Lessons Learned from Implementing Evidence-Based Programs (EBPs) in a Virtual Environment
Date: July 16th, 2020
Join us for a conversation about what has and hasn’t worked with implementing evidence-based programs virtually. Three presenters will share their learnings. Eric Opoku Agyemang will explore what the literature suggest about best practices for virtual mentoring. Blair Brooke-Weiss will summarize recommendations for implementing Guiding Good Choices virtually and lessons from the field. Finally, AnaMaria Diaz Martinez will provide learnings from converting the Stress and Coping Program to an online format. We will also offer opportunities for participants to share their experiences from delivering evidence-based practices in virtual settings.
Eric Opoku Agyemang, is the Leadership Program Director at Puget Sound Sage where he recruits, trains, and resources emerging leaders of color to serve on decision making tables including city and municipal boards and commissions. Prior to joining Sage, Eric served as the co-founder and executive director of the Cheerful Hearts Foundation, a non-profit that uses community-based interventions to address child trafficking in the West African fishing industry. He is currently pursuing his Doctoral degree in Social Welfare at the University of Washington and an intern at the Social Development Research Group (SDRG).
Blair Brooke-Weiss, is a Senior Communities That Care Specialist, at the University of Washington, Center for Communities that Care (CTC) where she leads the Center’s training and coaching core. She is a certified Communities That Care trainer and coach. She has extensive experience providing CTC workshops and proactive technical assistance to community leaders, boards and coalitions.

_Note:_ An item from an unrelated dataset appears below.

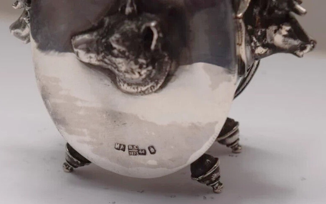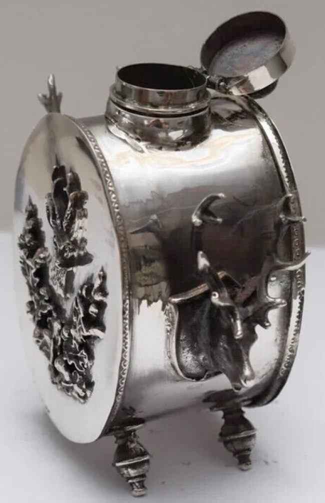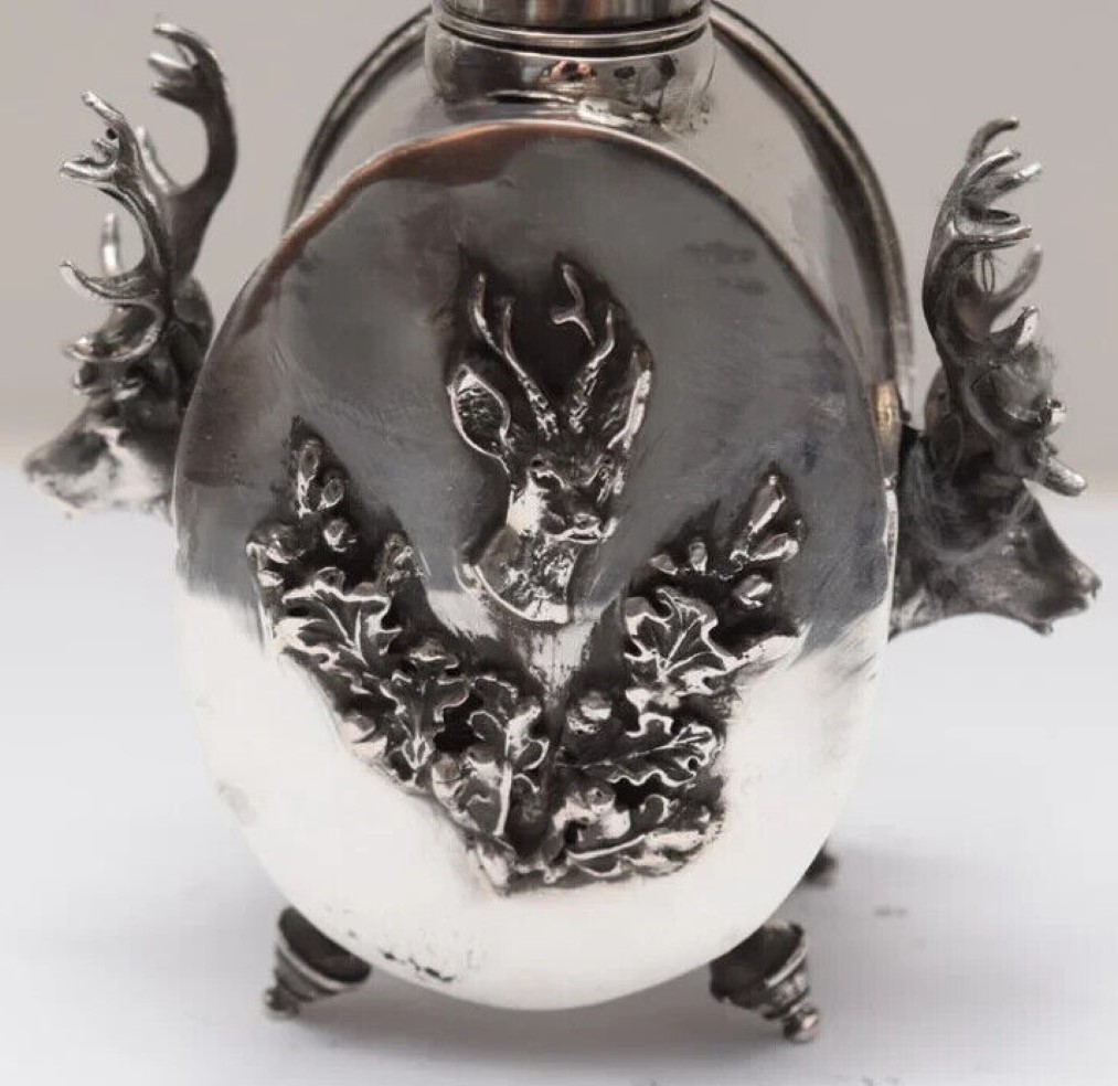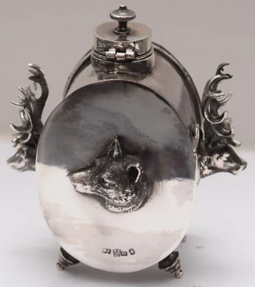 This hunting-themed inkwell features stags’ heads on both ends of this Russian silver inkwell supported on spindle feet. On one side is a stag’s head and wreath, and on the other, the head of a fox. The piece is hallmarked.
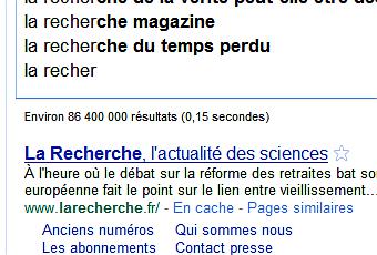 La rapidité de recherche des résultats est assez étonnante, bien sûr pour les internautes possédant une connexion bas débit, cette puissance ne pourra être aperçue. Voici un exemple lors de la requête provisoire La recher:

AnaMaria Diaz Martinez, is an Associate Professor and Human and Family Development Regional Specialist with Washington State University Extension. Her research focus is with evidence-based programs (EBPs) to address social-ecological factors through a prevention lens. She is a co-investigator on multiple federal research studies focused on cultural adaptations of evidence-based prevention programs. She is an international consultant with the PanAmerican Health Organization (WHO/PAHO) focusing on taking EBPs and addressing cultural adaptations for an international context.